Наконец у сараев началась суета – стали выкатывать первый «фарман». И тут же к нему устремились шустрые молодые люди – репортеры «Рижских ведомостей», «Рижского вестника», «Рижской мысли», «Дачника Рижского взморья», «Взморья», «Рижского курорта».

Вскоре из сарая вышли пилоты – авиатор Слюсаренко и авиатрисса Зверева. Он был в серых брюках, заправленных в высокие ботинки, в черной куртке поверх свитера с высоким горлом, в кожаном летном шлеме, полностью закрывавшем волосы и уши. Она – в такой же куртке, явно мужской, в нахлобученной чуть ли не по брови шапке, в широких шароварах из плотного сукна. Лица у авиаторов были каменные – очевидно, репортеры уже успели им надоесть. И у обоих – сдвинутые до поры вверх большие автомобильные очки.

– Господа, господа! Освободите место! Ступайте на трибуны! – кричал какой-то голосистый мужчина. – С трибун вам будет отлично видно!

– Он прав. Этак мы аэроплан вовсе не разглядим, а когда он поднимется вверх – может, что-то и поймем. Лабрюйер, вы лучше всех нас говорите по-немецки, объясните плотнику, чтобы шел за нами на трибуны, – сказал Кокшаров. – Медам, идемте скорее, займем лучшие места.

Но среди дам была недохватка – пропала Танюша.

Терская заволновалась, Лабрюйер и Славский были отправлены на поиски.
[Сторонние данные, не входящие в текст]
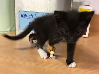 Veronica (Kaatje) is een jonge kat die 5 maanden geleden gebeten is door een hond in haar buik. Er werd een drain geplaatst om het wondvocht af te voeren, maar na een week begon alle huid af te sterven. Uiteindelijk bleef er een wond over van bijna 10x5cm. Ze is doorgestuurd naar de chirurgen van het Medisch Centrum voor Dieren in Amsterdam. De genezing verliep moeizaam en traag, vooral omdat de wond zich ook deels in de lies bevond; een locatie die lastig rustig te houden is bij de kat, zeker bij zo’n jong dier als Kaatje. Nu 5 maanden verder, is alles eindelijk genezen! Ze kan nu weer lekker genieten op schoot zonder romper aan!

– Она, поди, уже на аэроплан залезла, – говорил товарищу, пропихиваясь сквозь толпу, Славский, за год знакомства и совместной работы хорошо узнавший девушку. – Удивительного упрямства девица! Ей бы мальчиком родиться…

– Знавал я таких, – отвечал Лабрюйер. – В определенных кругах весьма котируются. Девица, что может пролезть в оконную форточку на шестом этаже, к примеру… Только моя знакомица блондинкой была, тоненькой маленькой блондинкой со стальными мышцами и железными нервами…

– Тоненькая маленькая блондинка – это, поди, прелестнейшее создание?

– Было бы прелестнейшим, когда бы не промышляло… Сам дурак!..

Это было ответом на возмущение какого-то господина, которому Лабрюйер в толчее наступил на ногу.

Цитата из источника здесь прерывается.